Silbidos

La venda antes que la herida

Por Manuel Osorio - Miércoles, 9 de Mayo de 2018 - Actualizado a las 06:02h

Galería Noticia

Admitamos que la presión que el árbitro sufre durante un partido es consustancial al fútbol y está causada por los nervios y la tensión de jugadores, público, entrenadores y demás intervinientes. Aceptemos también que las críticas posteriores, muchas veces desmedidas, vienen motivadas por la frustración y también, por qué no, por los errores arbitrales. Pero, ¿y las presiones previas? ¿Qué causas les buscamos? ¿Cómo se justifican?

Iba a escribir que estas maniobras anteriores a los partidos son fruto de los nuevos tiempos, pero no, de repente me vienen a la memoria aquellos delegados de nuestros pueblos que, con su purico al morro y después de saludarte te soltaban, con cierta socarronería, una frase absolutamente críptica: “No te pido que nos des, pero tampoco nos quites”. El mensaje no tenía desperdicio y, desde luego, daba qué pensar al árbitro joven e inexperto.

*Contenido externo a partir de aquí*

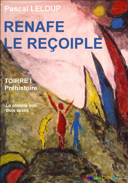 La propagation de la vie sur Toirre est liée au chiffre trois : trois sexes, trois parents qui en mélangeant leur patrimoine génétique créent un nouvel être, qui lui-même vivra dans une société composée de Femmes, d’hommes et de reçoiples. Ce système tri-sexué facilite le processus d’évolution des espèces en multipliant des mutations aussi bien mineures qu’extravagantes. Certaines de ces évolutions d’apparence mineure peuvent pourtant changer la face du monde… *** Préhistoire : Les humains vivent dans des cavernes. Renafe, un jeune reçoiple mutant, est épargné par sa mère car sa différence est minime : une troisième tempe discrète au centre de son front. Cette différence le rend plus curieux et plus créatif que ses congénères, ce qui lui cause bien des malheurs, car un reçoiple se doit d’être, dès le plus jeune âge, effacé et servile. Ille subira l’insoutenable et n’aura d’autre choix que de fuir, seul, et de s’inventer un destin. Lors de son parcours initiatique, ille rencontrera d’autres marginaux. Ensemble, ils fonderont les bases d’une grande civilisation…

Evidentemente el buen hombre intentaba sacar alguna ventaja, no hay duda.

Actualmente asistimos en no importa qué categoría a manifestaciones de dirigentes y técnicos que desde el momento en que conocen la designación arbitral comienzan a publicar cábalas malévolas sobre su conveniencia y hasta las intenciones ocultas que la motivan. Suelen participar en esta fiesta árbitros retirados disfrazados de analistas que aportan datos sesudos, por ejemplo: “El club Tal con el árbitro Fulanito ha perdido siete partidos, le ha pitado cuatro penaltis y le ha expulsado a tres jugadores”, ¡Toma ya! Estadística de la buena, preparando la jugada y ¿para qué? Pues para lo mismo que mi entrañable delegado del purico, para conseguir alguna ventaja.

En mi opinión merecería la pena reflexionar sobre el aspecto ético de estas presiones porque la ventaja que pueda conseguir un club se la está quitando al adversario y prácticamente le obliga a entrar en ese juego si no quiere parecer un pardillo.

Sería función propia de los comités y las federaciones cortar radicalmente estos trapicheos tan poco deportivos no tanto por defender a los árbitros como por proteger al propio fútbol. No será así, estimado lector, todo seguirá igual, no te quepa duda.